→ The problem
Pictures within the data are to be left out; everything else must be reproduced exactly.

→ Data extract
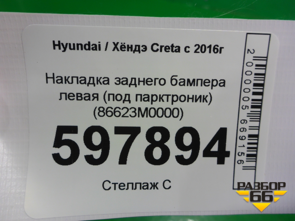 Накладка заднего бампера левая (под парктроник) (86623M0000) для Hyundai Creta с 2016г (Крета) в Краснодаре
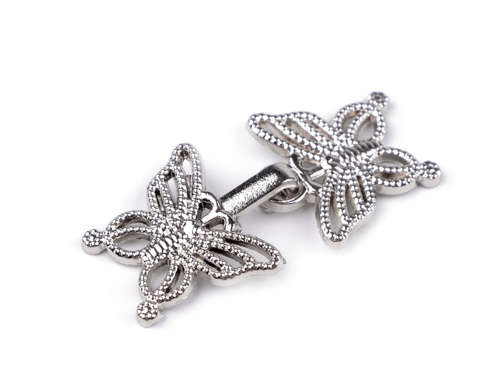 Ozdobné zapínání v designu motýla se skládá ze dvou částí, které do sebe lehce zaháknete. Můžete ho našít místo knoflíků na halenky, kardigany, vesty, svetříky apod.
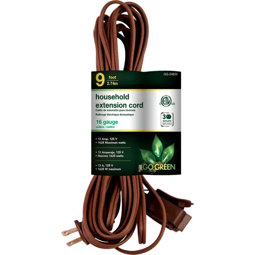 GoGreen Power, GG-24809-10, 9 Ft Household Extension Cord - Brown 10PK
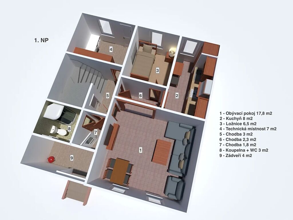- Zastavěná plocha: 72 m²

→ Task solution
 Накладка заднего бампера левая (под парктроник) (86623M0000) для Hyundai Creta с 2016г (Крета) в Краснодаре
 Ozdobné zapínání v designu motýla se skládá ze dvou částí, které do sebe lehce zaháknete. Můžete ho našít místo knoflíků na halenky, kardigany, vesty, svetříky apod.
 GoGreen Power, GG-24809-10, 9 Ft Household Extension Cord - Brown 10PK
- Zastavěná plocha: 72 m²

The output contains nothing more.